Task to carry out
In the data below, find every line with the string "that" and pull it out.

Dataset entries
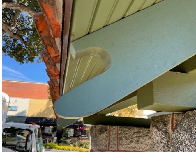
Figure 3 - Rafter tail detail (2021)
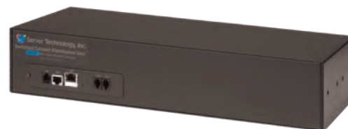
Rear View: Linking port and circuit breakers
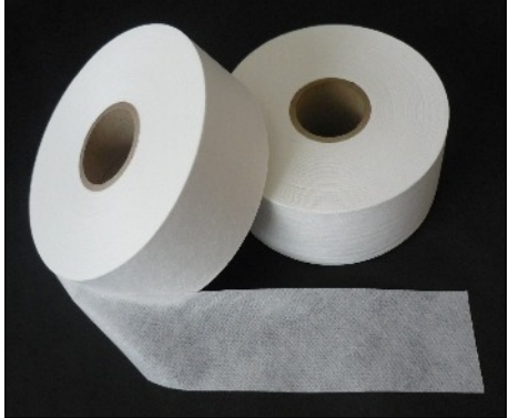
Syntex SLA 45 in slit roll form
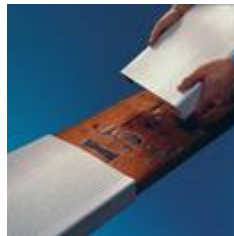
Perma-Cap Over Wood
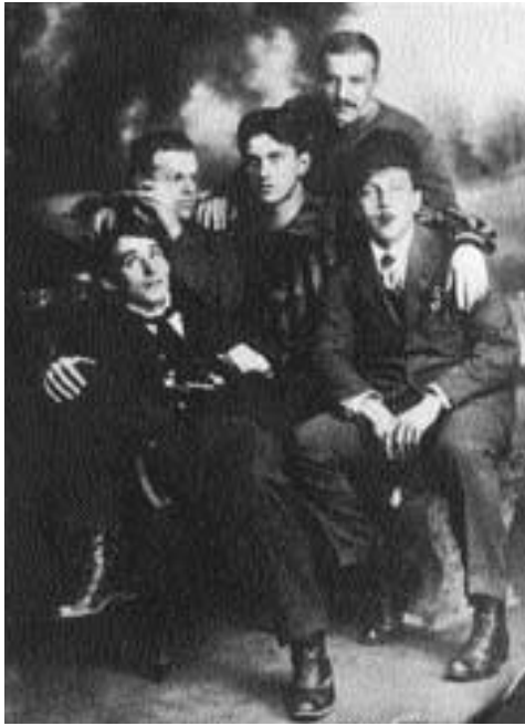
Fig. 2. Aleksei Kruchenykh, David Burliuk, Vladimir Mayakovsky, Nikolai Burliuk, and Benedikt Livshits. 1913.
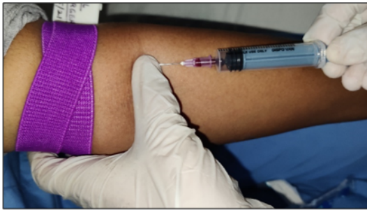
Figure 1: Blood withdrawal using 5ml syringe
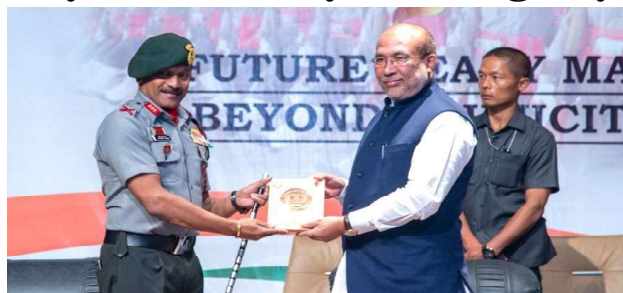
IT News Imphal, Oct 19:

Chief Minister N. Biren Singh maintained that his Government's commitment, since its formation in 2017, was to bring bandh and blockade free in the State with improved law and order. His first priority as a Chief Minister was to bridge the gap between hill and valley and also among various communities, he added.
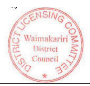
Chairperson WAIMAKARIRI DISTRICT LICENSING COMMITTEE

The renewed certificate can be issued immediately.
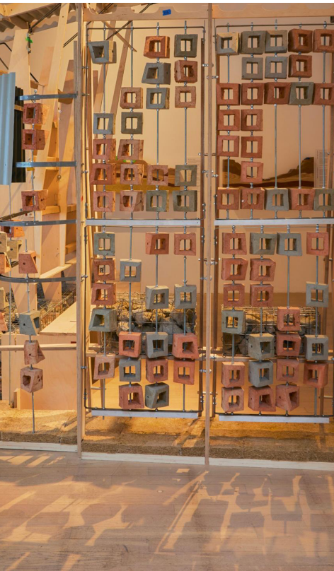
"Objects of Repair," an exhibition currently on display at the Venice International Architecture Biennale 2025, is an exploration of alternative methods of construction that use clay and crushed concrete as tools to create a cooling skin and an outer skin.

access for professionals, experts, and helpers who wish to enter Gaza and participate in self-help initiatives alongside Gazan residents and institutions.
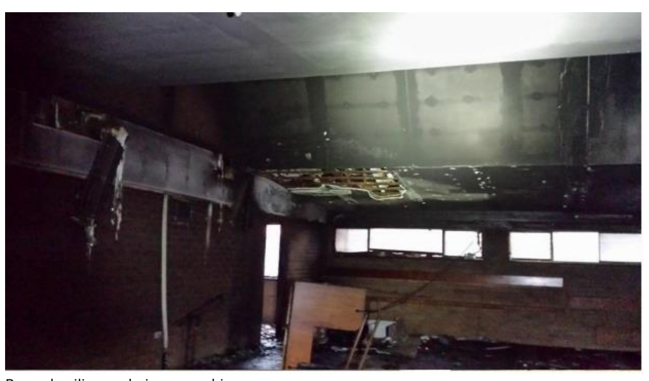
Burned ceiling and aircon machines

Response
Chief Minister N. Biren Singh maintained that his Government's commitment, since its formation in 2017, was to bring bandh and blockade free in the State with improved law and order. His first priority as a Chief Minister was to bridge the gap between hill and valley and also among various communities, he added.
"Objects of Repair," an exhibition currently on display at the Venice International Architecture Biennale 2025, is an exploration of alternative methods of construction that use clay and crushed concrete as tools to create a cooling skin and an outer skin.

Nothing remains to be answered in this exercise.